2. Materials and Methods

2.1. The Fabrication of Filaments and Printed Parts

ABS is a standard material used in 3D printers for fused deposition, and CB is a suitable filler material in conductive polymer composites. As such, ABS/CB composite pellets with 15 wt% CB, a composite with good conductive performance [34], was chosen. ABS/CB conductive composite pellets (Guangzhou Plastic Technology Co., Ltd., Guangzhou, China) were extruded into a 1.75 mm diameter filament to fit the 3D printer using a single screw extruder [35] (Supplementary Materials, Figure S1). Due to the swell phenomenon during extrusion, a discrepancy in diameter exists between the nozzle and the produced filament. A copper nozzle with an internal diameter of 1.70 mm was chosen to produce a filament with an average diameter of 1.75 mm and a standard deviation of 0.03 mm.

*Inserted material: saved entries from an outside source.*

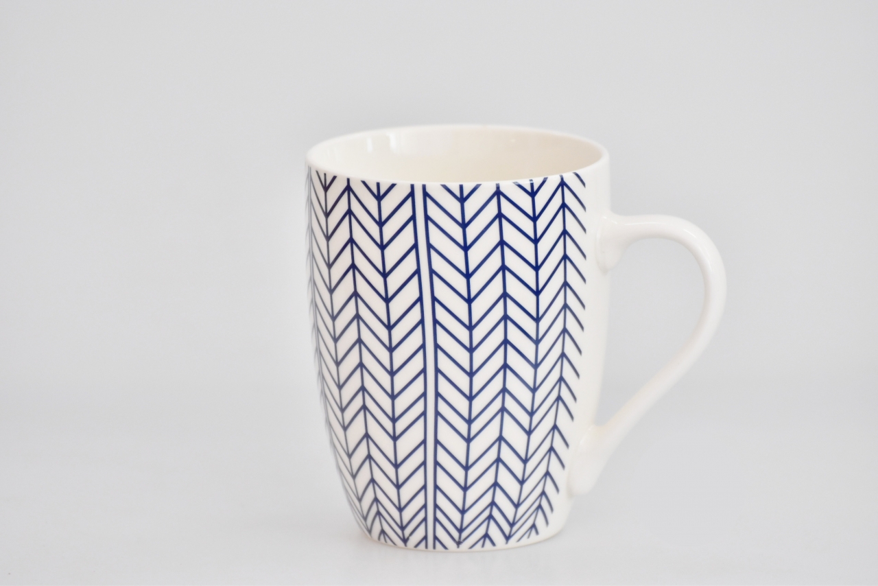 Klasický porcelánový hrnek s dekorem v modré barvě. Hrnek je vhodný na použití do mikrovlné trouby a je možné ho mýt v myčce nádobí.
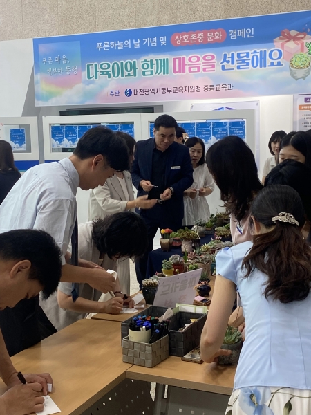[Ytv영상스토리] 대전동부교육지원청은 9월 4일 중등교육과 주관으로 전 직원이 참여하는 푸른하늘의 날 기념 및 상호존중 문화 캠페인을 실시했다고 밝혔다.
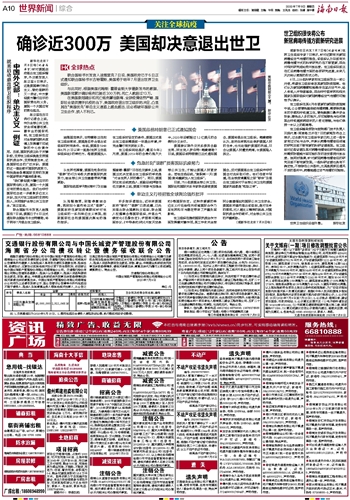 海南日报 世界新闻综合 010 2020-07-091 2020年07月09日 星期四
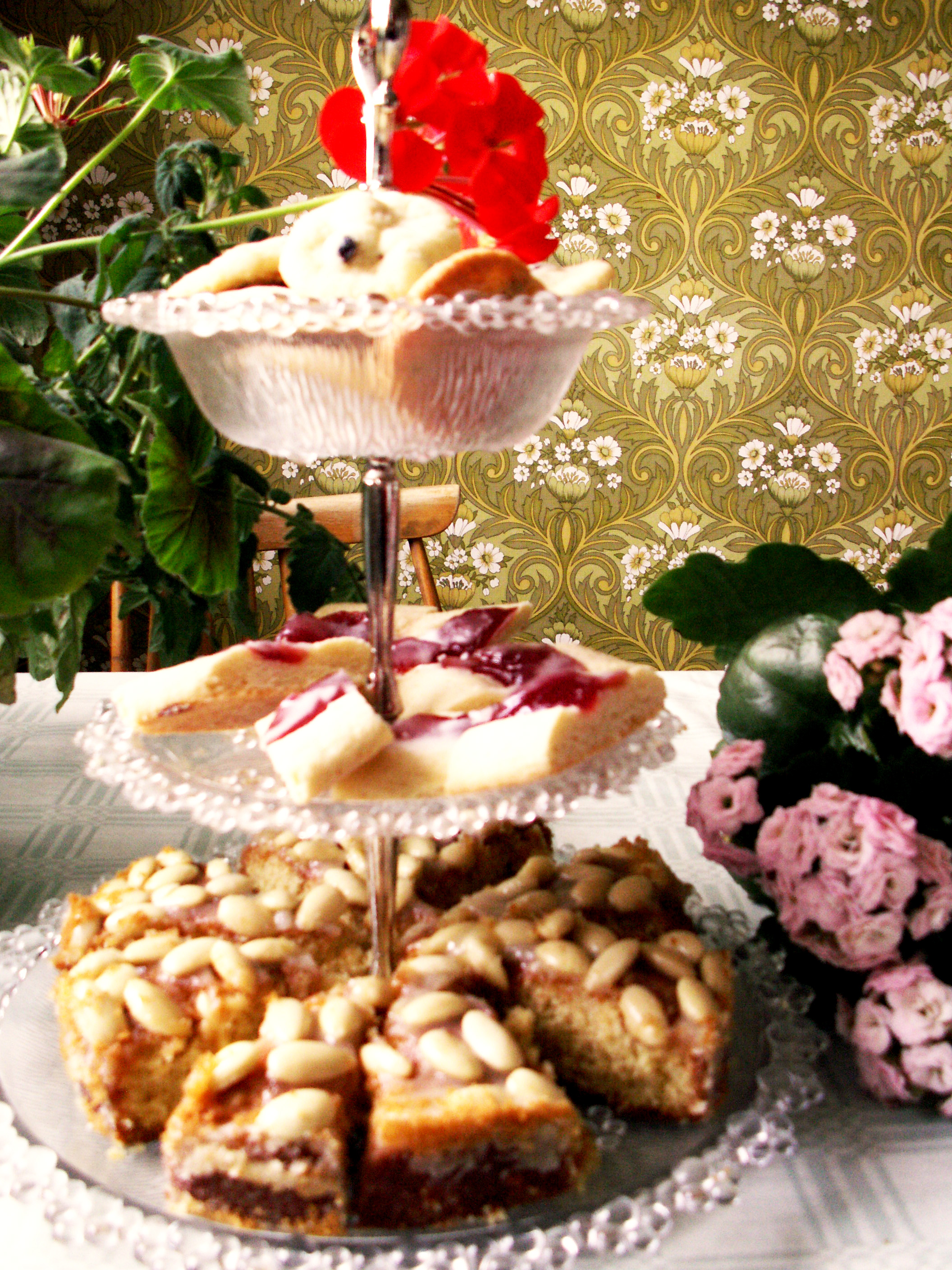 Nu är vi inne i juli. I vår familj har det firats många födelsedagar just i juli, så kafferep hörde till vanligheterna under min uppväxt. Den traditionen håller jag hårt på än idag, så juli är de traditionella kafferepens månad hos oss. Här har bakats om inte sju sorters kakor så i alla fall tre, och nu är det dags att sätta på en kanna kaffe!
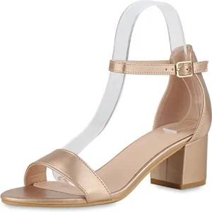 Damen Klassische Sandaletten Blockabsatz Schuhe Leder-Optik Abendschuhe Elegante Mid Heels Riemchenschuhe 211199 Rose Gold 37
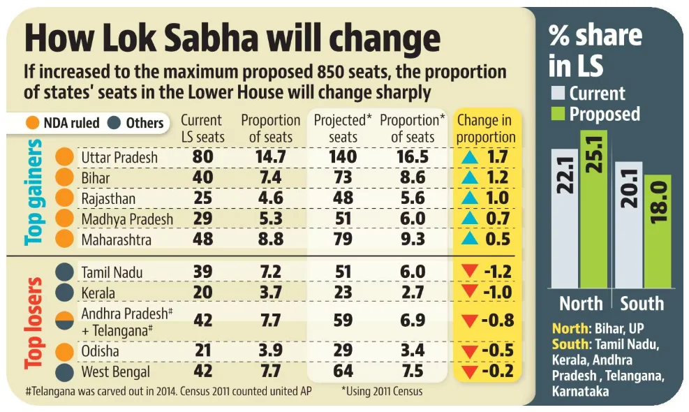 - In fact, all states are projected to see roughly a 50% increase in their total seat count (e.g., Tamil Nadu moving from 39 to around 58 seats).
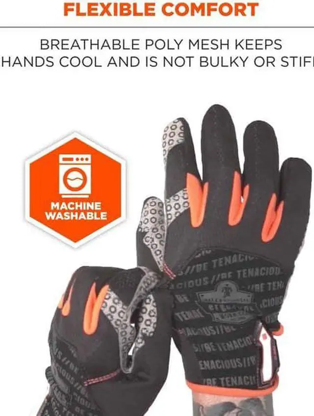 PROFLEX BY ERGODYNE 821 Mechanics Gloves, XL, Black, Breathable Polyester Mesh
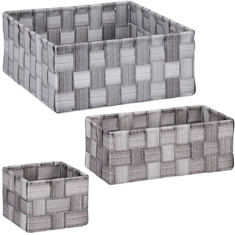 Ce lot de 4 corbeilles de rangement, de diffĂ©rentes tailles, est parfait pour mettre de l’ordre dans votre maison. Utilisez ces quatre boĂ®tes pour ranger les cosmĂ©tiques dans la salle de bain, les chaussettes et les sous-vĂŞtements dans l’armoire ou les petits objets qui traĂ®nent dans le salon ou l’entrĂ©e : mettez de l’ordre tout en dĂ©corant. Vous pouvez aussi employer les organiseurs dans des tiroirs pour amĂ©liorer votre rangement. Lorsqu’ils ne sont pas utilisĂ©s, ils peuvent ĂŞtre empilĂ©s les uns dans les autres pour gagner de la place.
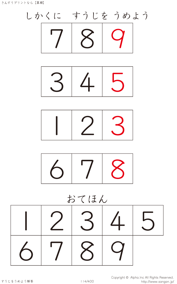 上記のボタンから「しかくにすうじをうめよう」の算数数学ドリル・計算ドリル(PDFプリント)がダウンロードできます。個人利用は無料です(家庭以外での配布は有料です)。
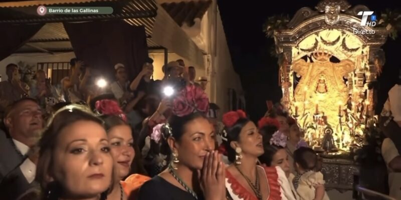 La llegada estuvo acompañada por el rezo del Ángelus, que se elevó entre cantes por sevillanas y repiques de campanas. Las mujeres, muchas vestidas de flamenca, entonaron salves mientras los hombres alzaban a hombros el simpecado durante los últimos metros hasta la casa hermandad, donde se vivieron escenas de intensa devoción.
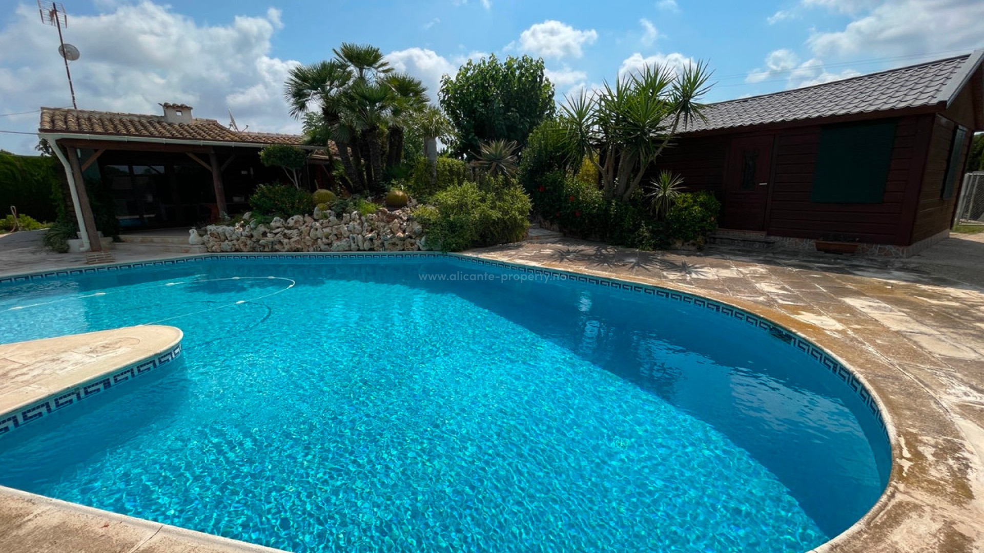 Exclusive Property with Swedish Wooden House, Pool, and Large Plot – San Fulgencio We present a unique and fully legalized property, located just a few kilometers from the beaches, ideal for those seeking privacy, space, and quality of life in a well-maintained natural setting. Set on a plot of over 3,400 m², this estate features a main Swedish wooden house of 165 m², in perfect condition. The house includes: 3 spacious bedrooms, 2 full bathrooms, A bright living-dining room with open-plan kitchen, And a large covered terrace of over 60 m², perfect for year-round outdoor enjoyment. Additionally, the property includes a charming separate wooden guesthouse with: 1 bedroom and 1 full bathroom, making it ideal for guests or even as a rental for additional income. ???? Auxiliary spaces and outdoors A 68 m² enclosed garage for two cars, A second 27 m² garage for additional parking, A 22 m² storage or workshop shed, A private 64 m² swimming pool in excellent condition, And various animal areas, including land prepared for horses and a fenced area currently housing geese and chickens. The property is fully fenced and surrounded by cypress trees, ensuring complete privacy and peace. In summary: This property is much more than just a house – it's an exclusive home, designed to enjoy every corner, with unique features that set it apart in the market. Ideal for families, nature lovers, rustic charm enthusiasts, or those seeking a private retreat with all amenities. A secure investment, move-in ready, with great potential as a tourist accommodation or multigenerational home.
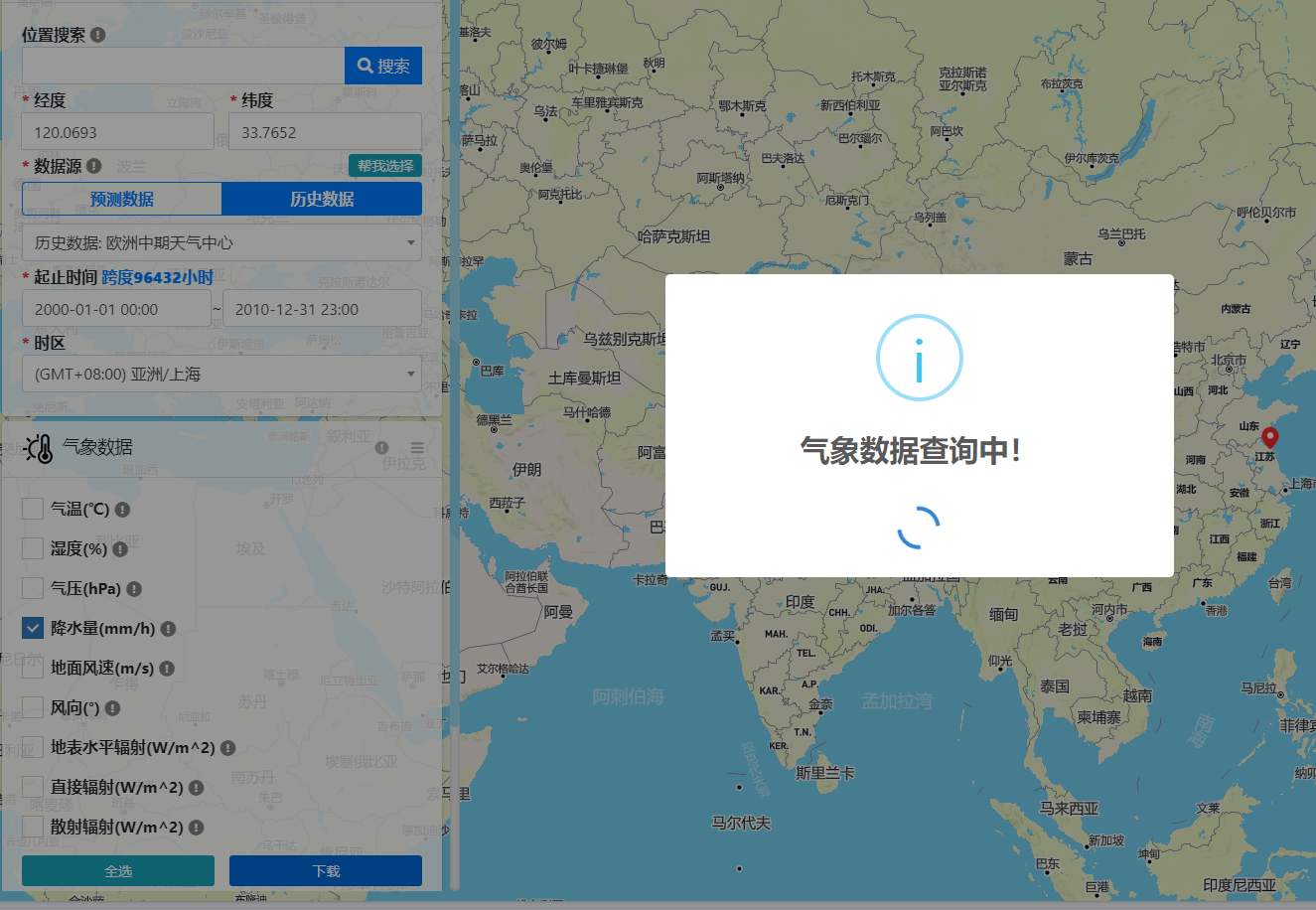 1、输入地理位置或者精确经纬度坐标,查询数据的起止时间进行设置(时区自动确定)。

An open source 3D printer, Prusa i3, was used to fabricate the samples (Figure S2). The dimensions of the cubic sample are 20 mm × 20 mm × 20 mm (length × width × height). Afterwards, a series of experiments was carried out using a three-level, three-factor factorial design to study the influence of three process parameters, i.e., layer thickness (A), raster width (B), and air gap (C), on the resistivity and its anisotropy. The typical parameter value was selected as the middle level, and the two other levels were chosen on the basis of the literature [28] as shown in

Table 1. Process parameters and their levels.

Parameter(Factor)	Level
	1	2	3
A: Layer thickness (mm)	0.14	0.2	0.26
B: Raster width (mm)	0.3	0.4	0.5
C: Air gap (mm)	0.00	0.04	0.08

. Each parameter was controlled independently through the slice software (Slic3r, Version 1.0), referring to the parameter combinations of the array in Table S1. Such experimental design could obtain all possible parameter combinations. The other fixed process parameters were as follows: nozzle diameter (0.4 mm), movement speed of the nozzle during printing (100 mm/s), extrusion temperature (230 °C), hot bed temperature (110 °C), and extrusion speed (generated automatically by the slice software depending on the nozzle movement speed and material diameter). Moreover, two parameters were set for all of the samples to ensure surface smoothness, thus facilitating resistance measurement. To improve the precision and to estimate the standard deviation, three samples for each parameter combination were produced.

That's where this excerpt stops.